Exercise objective —
Could you set down the listing below exactly and omit its images?

Collected data —
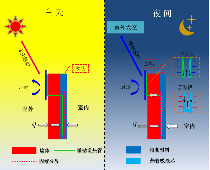 色情网址大全 何伟教授团队提出了一种新型相变墙体(RC-PCM),其综合了相变材料高蓄热能力、微槽道热管(Micro-channel heat pipe, MHP)高热导率、天空辐射制冷(Radiative cooling, RC)自发散热的优势,即利用连接相变墙体与辐射制冷装置的微槽道热管,在夜间快速地将存储在相变墙体的热量通过辐射制冷及空气对流的方式释放到室外,使得相变墙体能够实现完整的融化-凝固-融化的相变过程。
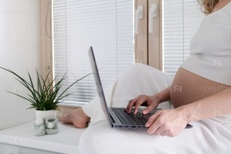Молодая беременная женщина работает за ноутбуком. Беременная фрилансер. Портрет молодой беременной женщины, использующей онлайн-ноутбук
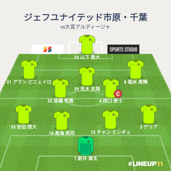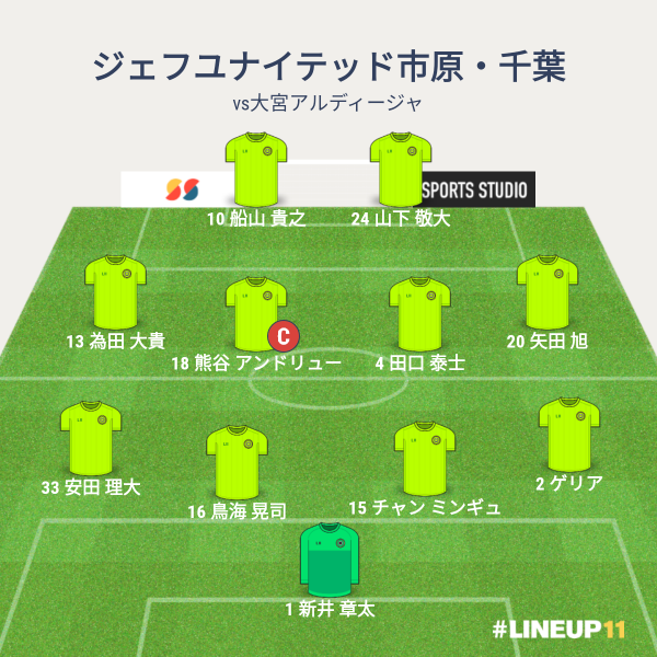 ジェフの先発メンバーは、GKに新井章太、CBに鳥海とチャン、右SBにゲリア、左SBに安田、ボランチに、田口と熊谷、右SHに矢田、左SHに為田、2トップに船山と山下という布陣でした。ゲリア、熊谷、山下が先発になりました。

Exercise response —
 色情网址大全 何伟教授团队提出了一种新型相变墙体(RC-PCM),其综合了相变材料高蓄热能力、微槽道热管(Micro-channel heat pipe, MHP)高热导率、天空辐射制冷(Radiative cooling, RC)自发散热的优势,即利用连接相变墙体与辐射制冷装置的微槽道热管,在夜间快速地将存储在相变墙体的热量通过辐射制冷及空气对流的方式释放到室外,使得相变墙体能够实现完整的融化-凝固-融化的相变过程。
Молодая беременная женщина работает за ноутбуком. Беременная фрилансер. Портрет молодой беременной женщины, использующей онлайн-ноутбук
 ジェフの先発メンバーは、GKに新井章太、CBに鳥海とチャン、右SBにゲリア、左SBに安田、ボランチに、田口と熊谷、右SHに矢田、左SHに為田、2トップに船山と山下という布陣でした。ゲリア、熊谷、山下が先発になりました。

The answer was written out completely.